Nokia’s vision 10 years ago was ‘Voice Goes Mobile!’ As history shows this vision became true with more than 1.6 billion mobile phone subscriptions globally. The number of mobile phones exceeded the fixed-line phones.

Today, together with radical changes in digital technology Nokia sees mobility expanding into new areas such as imaging, games, entertainment, media and enterprises. These changes are creating new opportunities for the mobile phone industry.

Company structure:
Effective from January 1, 2004 Nokia decided to change its organizational structure to align with its business strategy. Nokia structure includes four business groups namely Mobile phones, Multimedia, Networks, and Enterprise Solutions. Supporting the four business groups are three horizontal groups namely Customer and Market Operations, Technology Platforms, and Research, Venturing and Business Infrastructure. The following graph describes Nokia’s structure.

Source: www.nokia.com

Mobile phones:
Mobile Phones unit develops mobile phones for all major standards and customer segments. It is responsible for Nokia's current core mobile phones business, based mainly on GSM, CDMA and TDMA technologies.

Multimedia:
This new business unit focuses on mobile multimedia in the form of advanced mobile devices and applications. Its products have features and functionality such as imaging, games, music, media and a range of other attractive content.

Network:
This business unit is in charge of providing network infrastructure, service delivery platforms and related services to mobile operators and service providers. Focusing on the GSM family of technologies, the group aims at leadership in GSM, EDGE and WCDMA radio networks.

Enterprise Solution:
Enterprise Solutions offers businesses a range of devices and mobile connectivity solutions based on end-to-end mobility architecture, and focuses on business devices, IP network perimeter security and mobile connectivity solutions designed to help companies mobilize their workforces while ensuring the security and reliability of their networks.

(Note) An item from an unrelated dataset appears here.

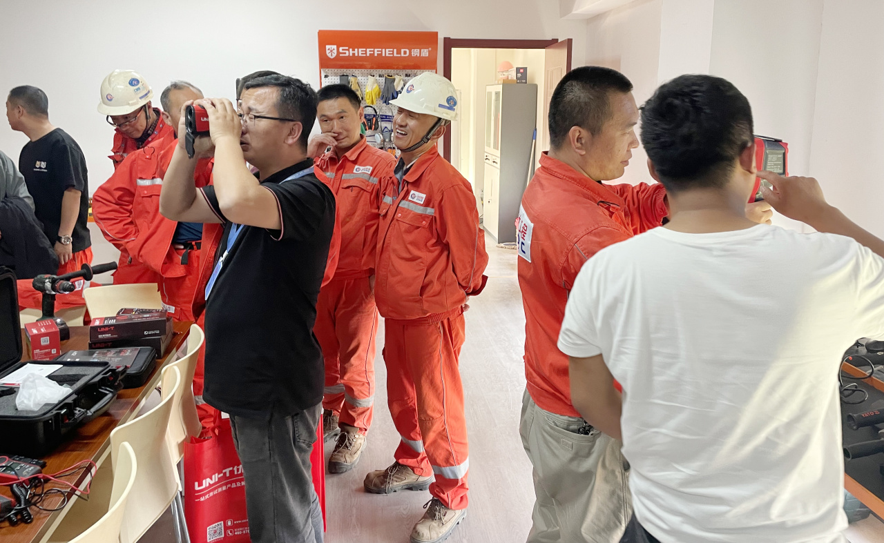在工机具管理中心,优利德团队系统地介绍了公司的概况、技术积淀以及核心产品线,并对多款自主研发的测试仪表进行了全面宣讲。这些产品主要包括UT117C高精度真有效值专业万用表、UTi640J智能型红外热成像仪、UT25CL手持式线缆探测仪、UT334G+泵吸式四合一气体检测仪、UTi260V红外热成像仪、UT352声级计、UT216C数字钳形表以及UT502A绝缘电阻测试仪等。它们以其高精度、高稳定性和智能化特点,得到了与会技术人员的好评与认可。

Of the four business groups, Mobile phones plays an important roles accounting for more than 70% of the total revenues of the company. However, the profit from this group is declining recently due to severe competition from its rivals. In 2003, Nokia’s annual total sales was 29.5 billion Euro with the operating margin of 17%. The following chart shows the sales by business groups. Figure 1: Nokia Sales by Business Groups
In mobile devices market, Nokia maintains its leadership of 34.7% in 2003 with 180.7 million units sold. The two closest competitors are Motorola and Samsung mobile Corp. with the market share of 14.5% and 10.5% respectively. The following chart shows the market share of main players in the mobile phone market. Figure 2: Mobile Market Share in 2003

The following table summaries the financial information in the last 5 years. The sales and market share indicators shows a slight decline in sales and market share in 2003. 2003 2002 2001 2000 1999
Net sales by business group, EURm Nokia mobile phones 23,618 23,211 23,158 21,887 13,182 Nokia networks 5,620 6,539 7,534 7,714 5,673 Nokia venture organisation 366 459 585 854 415
Net Profit 3,592 3,381 2,200 3,938 2,577
Market share (mobile phone) 34.7% 35.1% 35% 30.6% 26.9%
Table 1: Financial highlights
Source: www.nokia.com

Nokia’s personnel in 2003 includes more than 50,000 employees spreading over four market areas namely Finland, European countries, Americas and Pacific-Asia.
THE INDUSTRY

The global mobile phone industry has experienced steady growth in the last 5 years, from 284 million units sold in 1999 up to 520 million units shipped in 2003. It is expected that 650 million units will be sold in 2004. From the market perspective, there are three major markets:
· Europe / Africa / Middle East,
· Americas, and
· Asia - Pacific

While the global mobile phone industry in general is growing maturity is anticipated in the European market. On the other hand, markets in Americas and Asia – Pacific are in growing phase with some emerging sub-markets such as Brazil, India, China, Korea, and Japan . The average growth rate in the last 5 years (1999-2003) is 19%.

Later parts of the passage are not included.